▸ WHAT YOU SHOULD DO
Output every line of the material exactly, omitting images.

▸ SUPPLIED DATA

[Start of section]

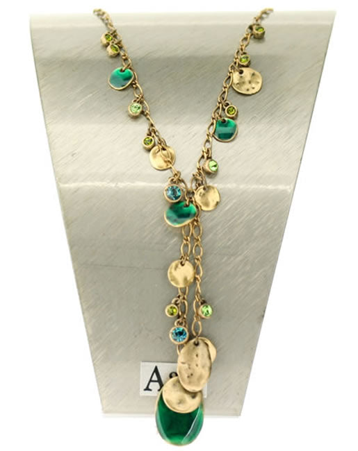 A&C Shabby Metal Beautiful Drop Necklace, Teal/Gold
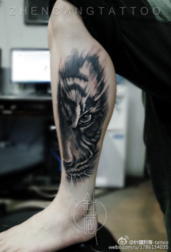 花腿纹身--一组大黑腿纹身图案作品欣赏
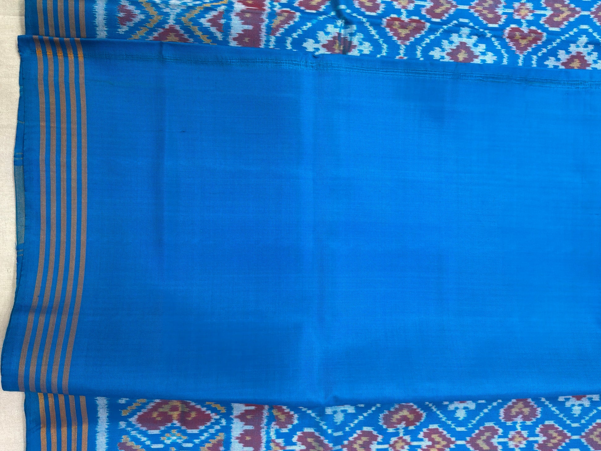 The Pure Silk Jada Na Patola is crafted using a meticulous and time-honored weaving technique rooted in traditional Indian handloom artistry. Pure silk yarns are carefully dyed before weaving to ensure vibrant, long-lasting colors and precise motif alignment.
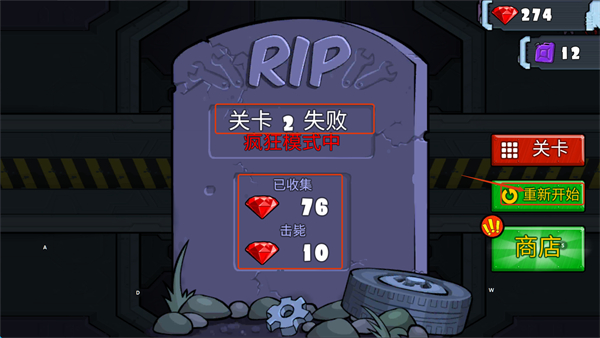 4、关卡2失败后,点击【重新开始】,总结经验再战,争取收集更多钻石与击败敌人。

[End of section]

▸ RESULT OF THE EXERCISE
 A&C Shabby Metal Beautiful Drop Necklace, Teal/Gold
 花腿纹身--一组大黑腿纹身图案作品欣赏
 The Pure Silk Jada Na Patola is crafted using a meticulous and time-honored weaving technique rooted in traditional Indian handloom artistry. Pure silk yarns are carefully dyed before weaving to ensure vibrant, long-lasting colors and precise motif alignment.
 4、关卡2失败后,点击【重新开始】,总结经验再战,争取收集更多钻石与击败敌人。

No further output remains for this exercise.